#### YOUR OBJECTIVE:
Starting at the line that contains "衛衣上面有很多小貓小狗,穿上就變成小可愛了,腳上白色襪子外露,輕鬆增加層次。" and stopping at the line that contains "Į pakuotę įeina: Sudėtis: 1*", restate each line of the records below exactly. Omit the pictures.

*** Opening DATA ***

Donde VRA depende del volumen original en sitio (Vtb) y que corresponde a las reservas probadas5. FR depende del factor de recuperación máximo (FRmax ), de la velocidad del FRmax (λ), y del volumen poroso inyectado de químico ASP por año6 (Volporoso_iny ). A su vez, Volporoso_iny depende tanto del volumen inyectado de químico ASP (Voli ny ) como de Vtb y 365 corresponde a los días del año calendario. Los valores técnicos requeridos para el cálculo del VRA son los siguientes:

*** Closing DATA ***
*** Opening DATA ***

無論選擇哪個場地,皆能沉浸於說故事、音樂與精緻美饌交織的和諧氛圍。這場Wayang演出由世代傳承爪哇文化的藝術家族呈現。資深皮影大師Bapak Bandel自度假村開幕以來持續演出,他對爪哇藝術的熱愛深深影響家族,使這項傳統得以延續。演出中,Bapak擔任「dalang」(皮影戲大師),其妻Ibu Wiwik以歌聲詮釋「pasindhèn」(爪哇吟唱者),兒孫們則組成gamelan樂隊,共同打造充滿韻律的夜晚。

*** Closing DATA ***
*** Opening DATA ***

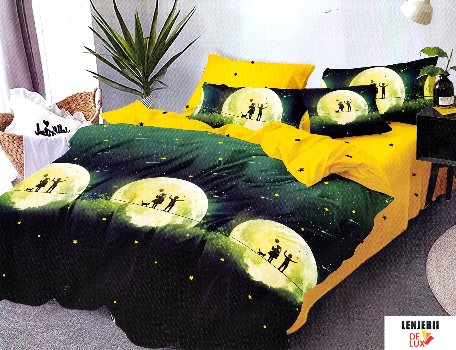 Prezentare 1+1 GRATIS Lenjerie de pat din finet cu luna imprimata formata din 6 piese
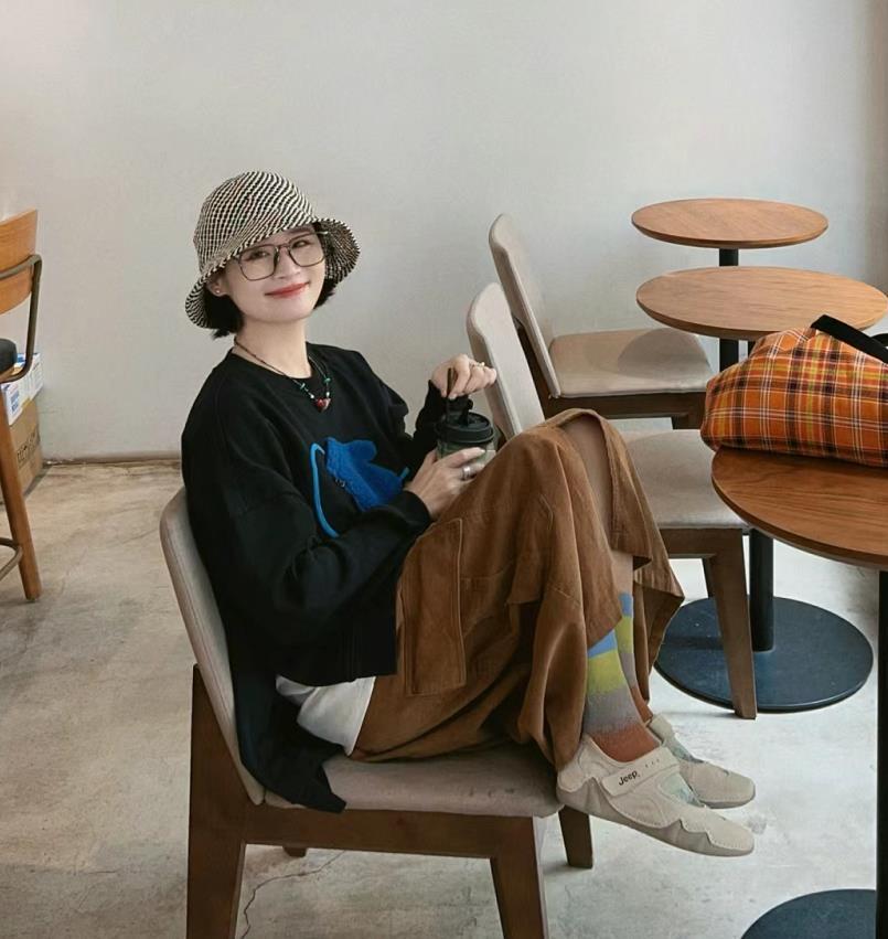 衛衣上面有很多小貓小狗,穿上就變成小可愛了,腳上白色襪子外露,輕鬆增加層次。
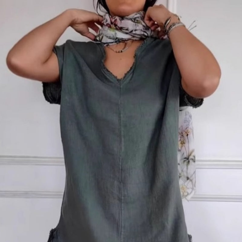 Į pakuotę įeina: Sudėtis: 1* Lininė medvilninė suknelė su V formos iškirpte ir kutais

*** Closing DATA ***

#### OUTPUT BELOW:
 衛衣上面有很多小貓小狗,穿上就變成小可愛了,腳上白色襪子外露,輕鬆增加層次。
 Į pakuotę įeina: Sudėtis: 1* Lininė medvilninė suknelė su V formos iškirpte ir kutais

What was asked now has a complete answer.